Records from a dataset

========================================

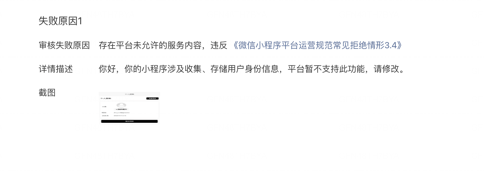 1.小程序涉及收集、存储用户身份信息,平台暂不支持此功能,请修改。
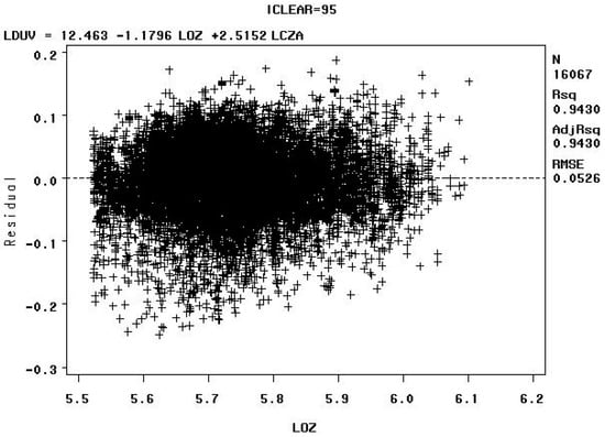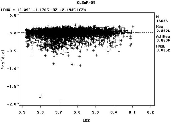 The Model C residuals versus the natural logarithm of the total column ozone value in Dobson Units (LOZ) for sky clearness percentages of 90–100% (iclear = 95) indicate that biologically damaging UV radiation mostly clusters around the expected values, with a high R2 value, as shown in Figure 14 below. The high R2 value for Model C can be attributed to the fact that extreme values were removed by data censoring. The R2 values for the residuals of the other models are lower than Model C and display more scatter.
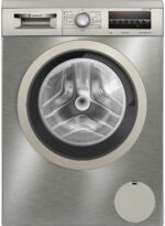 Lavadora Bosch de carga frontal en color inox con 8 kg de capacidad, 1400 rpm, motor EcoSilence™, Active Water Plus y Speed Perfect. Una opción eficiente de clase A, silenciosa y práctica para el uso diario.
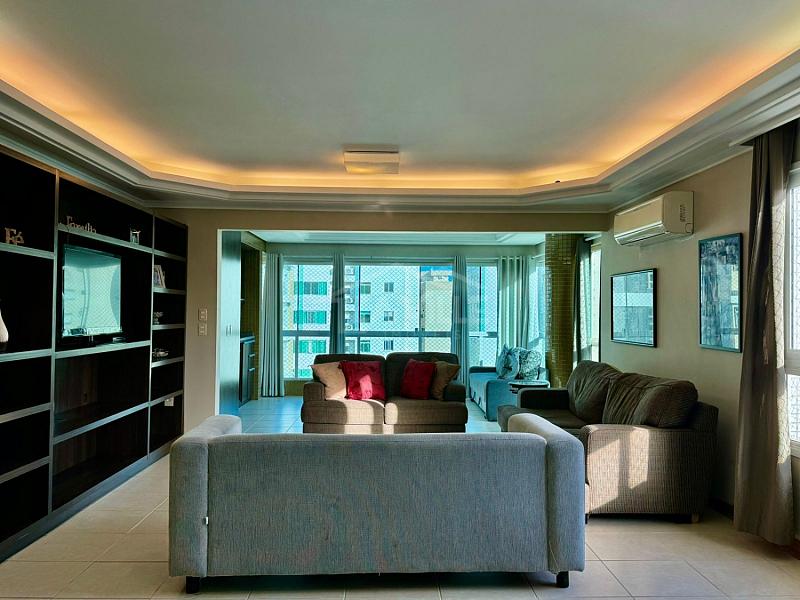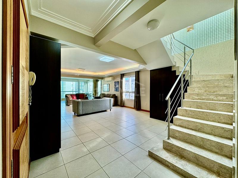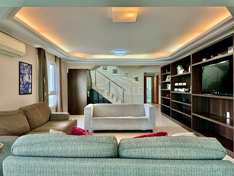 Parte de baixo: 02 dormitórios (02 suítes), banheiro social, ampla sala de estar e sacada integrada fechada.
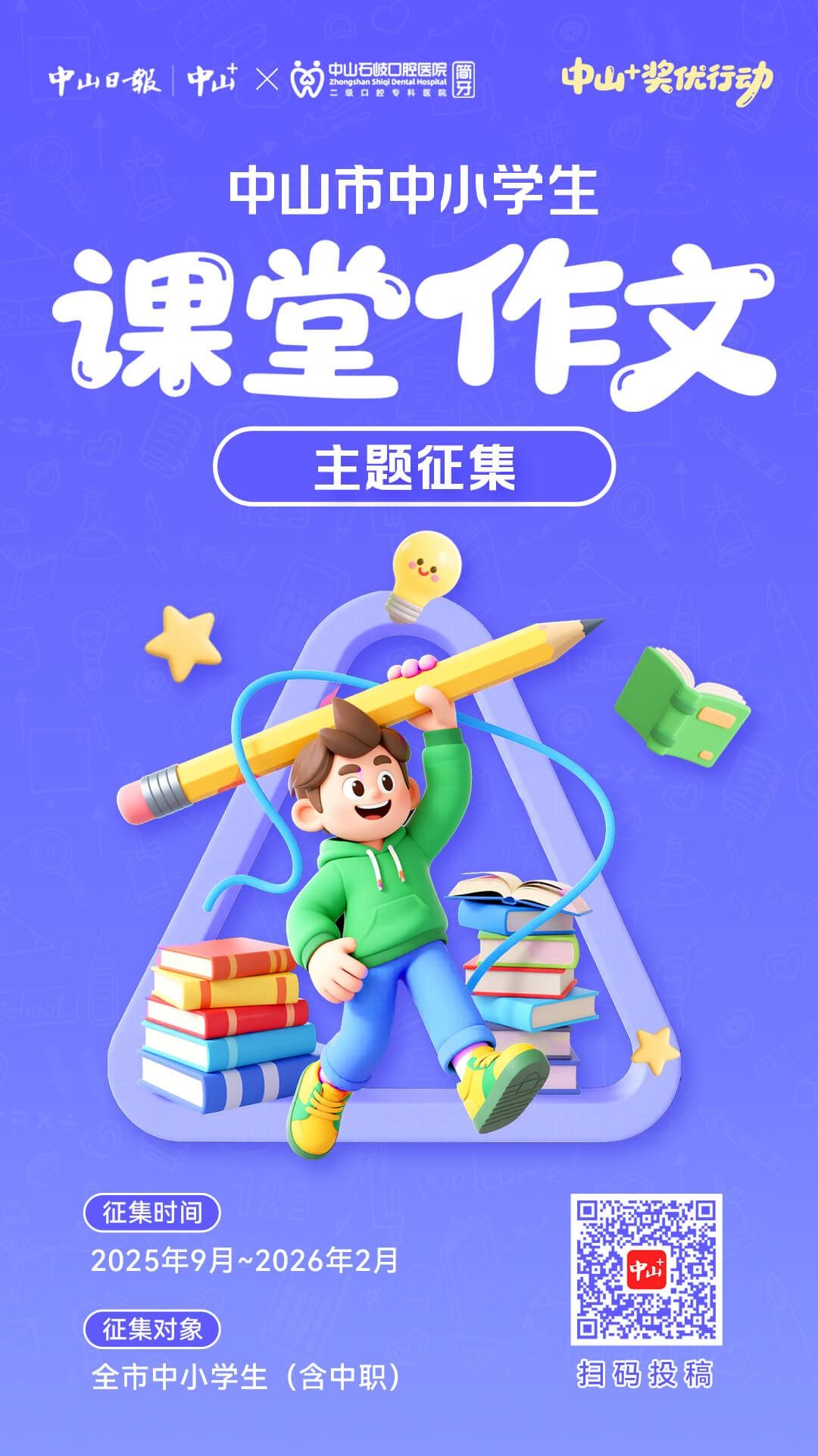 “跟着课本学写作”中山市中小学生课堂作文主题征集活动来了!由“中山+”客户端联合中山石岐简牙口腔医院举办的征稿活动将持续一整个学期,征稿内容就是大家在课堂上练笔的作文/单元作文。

========================================

Task statement: Output exactly and only the lines from the line containing "Parte de baixo: 02" to the end of the entries, both included, and omit every picture.

Response:
 Parte de baixo: 02 dormitórios (02 suítes), banheiro social, ampla sala de estar e sacada integrada fechada.
 “跟着课本学写作”中山市中小学生课堂作文主题征集活动来了!由“中山+”客户端联合中山石岐简牙口腔医院举办的征稿活动将持续一整个学期,征稿内容就是大家在课堂上练笔的作文/单元作文。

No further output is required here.